EXERCISE DESCRIPTION —
Look below for the line with "新婦さんが「和ブーケ」をもっていらっしゃって". Retype it and every line after it to the end, exactly, but leave out the pictures.

Collected data

__________________________________________________

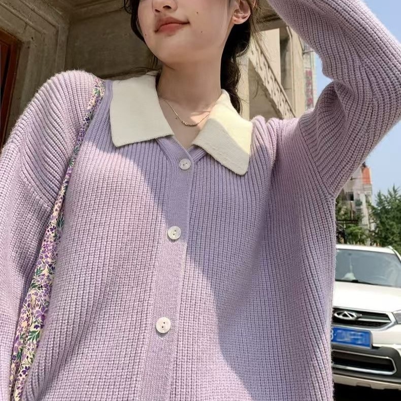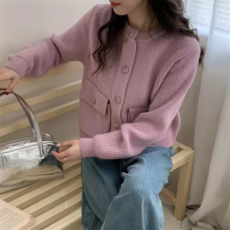 韓国系の怠惰な風の純色ニットカーディガン秋冬の新型レトロで柔らかいモチモチとした丸首セーターの女性コート ニット
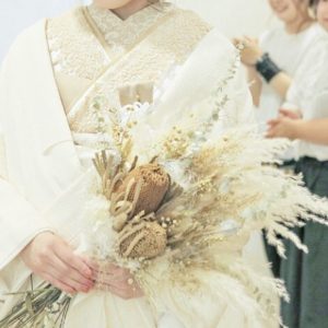 新婦さんが「和ブーケ」をもっていらっしゃって
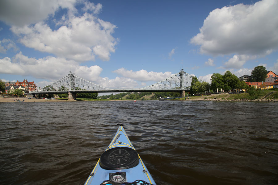 Vor mir liegt das "Blaue Wunder", 1893 als "König-Albert-Brücke" erbaut.
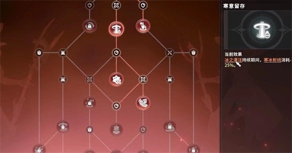 天赋配置选择冰晶共鸣、浪潮精通、冰棱之约、琉璃浩瀚、速冻爆破、寒风凝聚、冰光共鸣、寒冰灵域、涓流连绵、冰息宁静、冰箭狂潮、冰晶扩充、冰冷脉冲。射线流输出能力强,但是能量消耗大,天赋加点可以多选择些回能的效果。主要依靠寒冰射线为主要输出,天赋上可以多选择一些增幅类的效果,增加输出能力。
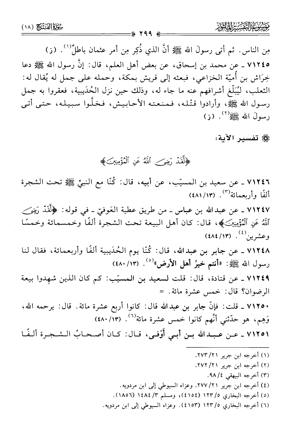 ٧١٢٤٧ - عن عبد الله بن عباس -من طريق عطية العَوفيّ- في قوله: {لَقَدْ رَضِيَ اللَّهُ عَنِ المُؤْمِنِينَ}، قال: كان أهل البيعة تحت الشجرة ألفًا وخمسمائة وخمسًا وعشرين (¬٤). (١٣/ ٤٨٤)

__________________________________________________

SOLUTION FOR THIS PROBLEM —
 新婦さんが「和ブーケ」をもっていらっしゃって
 Vor mir liegt das "Blaue Wunder", 1893 als "König-Albert-Brücke" erbaut.
 天赋配置选择冰晶共鸣、浪潮精通、冰棱之约、琉璃浩瀚、速冻爆破、寒风凝聚、冰光共鸣、寒冰灵域、涓流连绵、冰息宁静、冰箭狂潮、冰晶扩充、冰冷脉冲。射线流输出能力强,但是能量消耗大,天赋加点可以多选择些回能的效果。主要依靠寒冰射线为主要输出,天赋上可以多选择一些增幅类的效果,增加输出能力。
 ٧١٢٤٧ - عن عبد الله بن عباس -من طريق عطية العَوفيّ- في قوله: {لَقَدْ رَضِيَ اللَّهُ عَنِ المُؤْمِنِينَ}، قال: كان أهل البيعة تحت الشجرة ألفًا وخمسمائة وخمسًا وعشرين (¬٤). (١٣/ ٤٨٤)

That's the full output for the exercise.